** Opening Information supplied block **

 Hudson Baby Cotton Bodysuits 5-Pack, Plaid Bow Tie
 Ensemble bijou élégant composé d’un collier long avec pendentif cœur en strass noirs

** Closing Information supplied block **
** Opening Information supplied block **

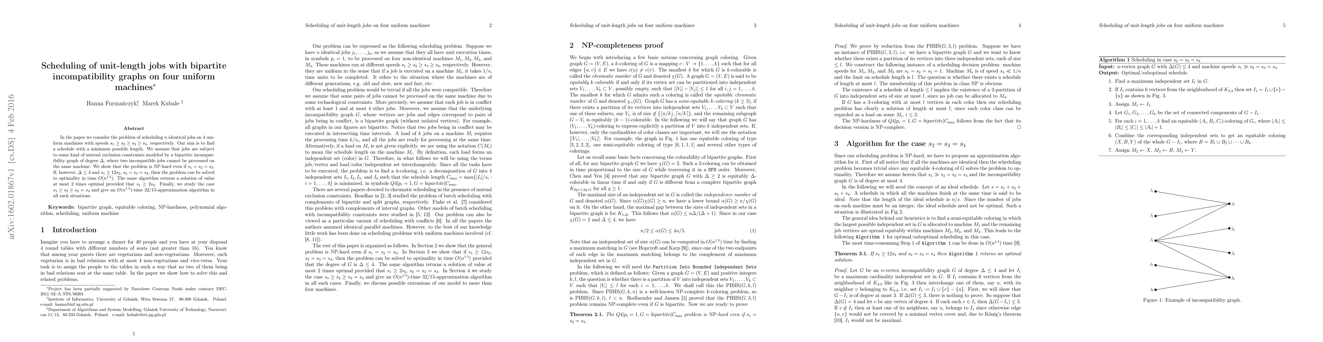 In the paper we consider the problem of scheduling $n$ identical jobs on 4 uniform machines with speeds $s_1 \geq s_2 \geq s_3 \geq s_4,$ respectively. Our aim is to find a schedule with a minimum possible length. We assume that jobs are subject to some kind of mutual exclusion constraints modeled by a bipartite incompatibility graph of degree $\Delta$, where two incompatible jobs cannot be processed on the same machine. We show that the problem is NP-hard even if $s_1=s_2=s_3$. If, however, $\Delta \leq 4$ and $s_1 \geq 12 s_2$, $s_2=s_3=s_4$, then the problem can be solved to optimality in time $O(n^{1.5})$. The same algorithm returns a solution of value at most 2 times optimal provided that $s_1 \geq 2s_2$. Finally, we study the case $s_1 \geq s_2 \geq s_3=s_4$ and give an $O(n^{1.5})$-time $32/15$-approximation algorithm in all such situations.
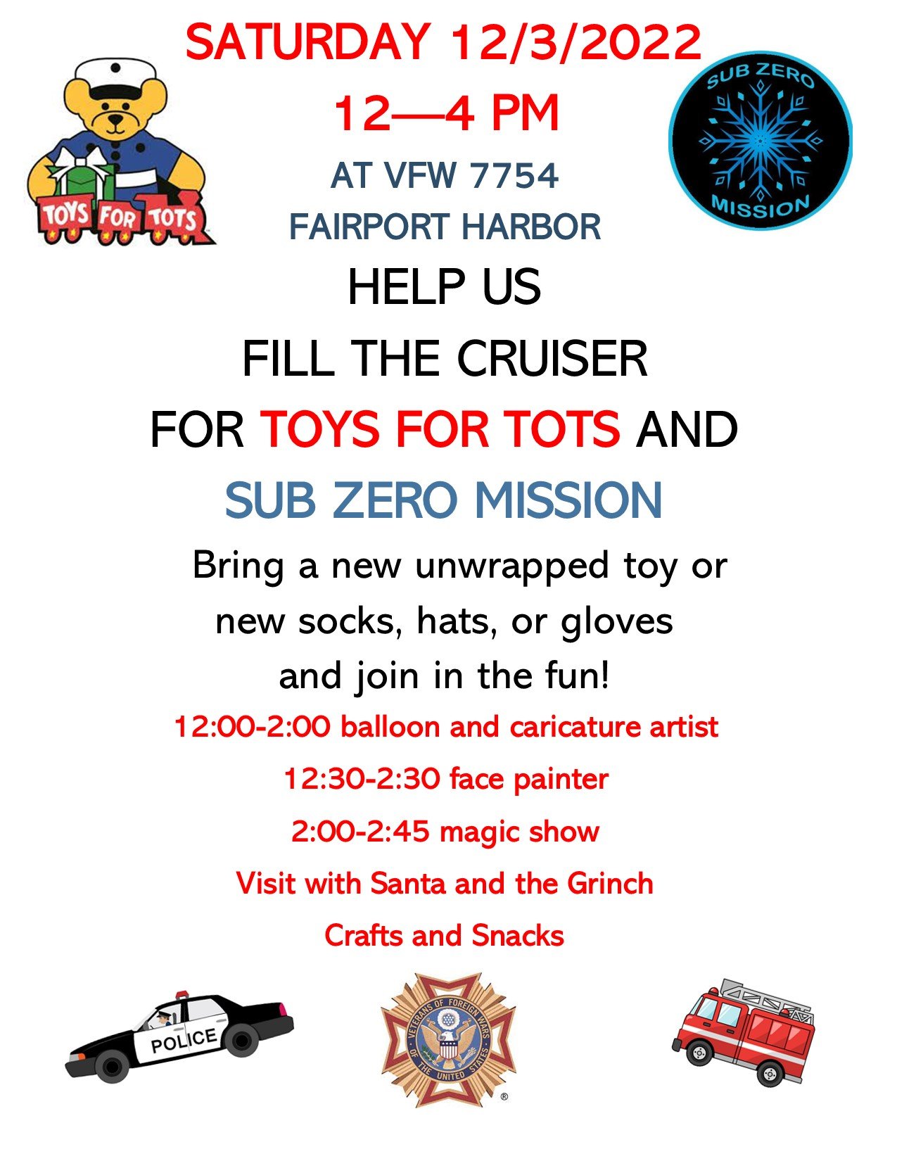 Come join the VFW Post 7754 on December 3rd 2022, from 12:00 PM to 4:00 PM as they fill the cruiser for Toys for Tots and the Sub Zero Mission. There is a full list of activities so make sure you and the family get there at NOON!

** Closing Information supplied block **

Goal of the exercise:
Print, without alteration, only the lines above between the one holding "Hudson Baby Cotton" and the one holding "Ensemble bijou élégant", inclusive.

Response below:
 Hudson Baby Cotton Bodysuits 5-Pack, Plaid Bow Tie
 Ensemble bijou élégant composé d’un collier long avec pendentif cœur en strass noirs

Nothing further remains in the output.